Roberto estuvo incomunicado cuatro días, hasta dar su testimonio, y no pudo hablar con nadie de su familia hasta seis días después. Es que el primer día "de visita", su esposa fue vestida con pantalones, y sólo le permitieron entrar el próximo día de ingreso de familiares, cuando llevó falda. Nadie la había explicado ese requisito.
"Vos fuiste"
El albañil Raúl Cardozo fue acusado por el homicidio de una pareja de ancianos. Había hecho trabajos en la vivienda del matrimonio, con los que compartió desayunos y almuerzos en la misma mesa. Se consideraba amigo del hijo de los ancianos, con quien había hecho trabajos y cursos de especialización. Lo detuvieron a las pocas horas del brutal homicidio del que se enteró por la policía, pasada la medianoche, cuando estaba descansando junto a su esposa y los cinco hijos de la pareja. No podía creer que sospecharan de él.
"Vos fuiste", escuchó que le decía un policía alto, de bigotes y lentes, que le dio un cachetazo en el oído izquierdo mientras estaba sentado en el suelo, sin su remera, contra la pared de la comisaría 2ª una noche tan gélida como las que siguieron. Sintió una patada que le presionó el estómago y, cuando quiso levantarse, otras en sus piernas. Después no le pegaron más, pero las acusaciones continuaron hasta la mañana y el miedo a los golpes no lo abandonó más.
Los primeros días fueron un calvario. "Me llamaban a cada rato. Me decían que los había matado, que confesara". En las conversaciones la policía le decía que sus huellas estaban en todas partes, en las paredes de la casa, en herramientas. Y que su familia entera está detenida, excepto su hijo más chico. "Me decían que había quedado solo en la casa, llorando. Que no tenía nadie que lo cuidara. Yo pensaba en una vecina que es amiga para quedarme más tranquilo", cuenta el hombre alto, delgado, luchador. También atacaban a su esposa. "La morocha está buena, ¿te mete los cuernos?", le decían. Tanta humillación y dolor lo hizo pensar en quitarse la vida. Calculó la distancia al techo, le resistencia de la ropa, pero la llegada de otros detenidos lo alejó de la idea.

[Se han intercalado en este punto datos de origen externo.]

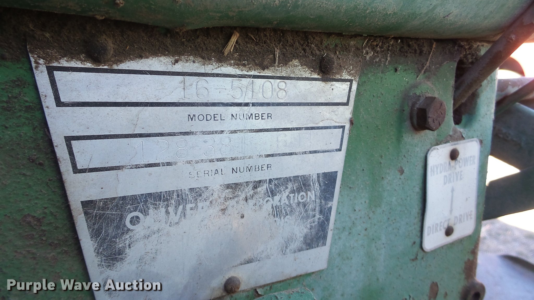 Purple Wave is selling a used Tractor in Kansas. This item is a Oliver 1600 tractor with the following: 7,916 hours on meter, Oliver 3.8L six cylinder gas engine, Manual transmission, 6F-2R gears, Front and rear work lights, Great Bend Workmaster 800 loader, 72"W bucket, Three point, 540 PTO, 105" wheelbase, 11L-15 front tires, 18.4-30 rear tires, Serial 128381-604

Los últimos tres días que había pasado en su casa no tenía dinero ni comida ni trabajo. Los que había pasado detenido tampoco le habían dado alimentos. Un día descubrió el estómago pegado a sus costillas y pidió comida. Un policía le llevó un sandwich y una gaseosa, pero tampoco pudo comerlos. "Pensé que era una trampa. Que después me iban a volver a pegar y me iba a hacer peor", recuerda.
Pasó ocho días en un lugar al que llamaban "cocina", un espacio lleno de orín que secó con papel higiénico una mañana junto a otros hombres también detenidos. "Tenía una manta y un pullover. Me los ponía abajo del cuerpo, pero la mugre me mojaba igual" recuerda.
Cuando empezó a recibir alimentos intentaba dejar una parte para otra comida. Pero la mayoría de las veces lo compartía con otros que entraban transitoriamente, casi todos menores. Vio cómo golpeaban a varios de esos chicos. Sólo denunció la golpiza que recibió él al llegar, después de recuperar la libertad. Pero el forense no reconoció los golpes y le reprochó que no se lo hubiera denunciado cuando acompañado por dos agentes llegó al consultorio antes de recuperar la libertad.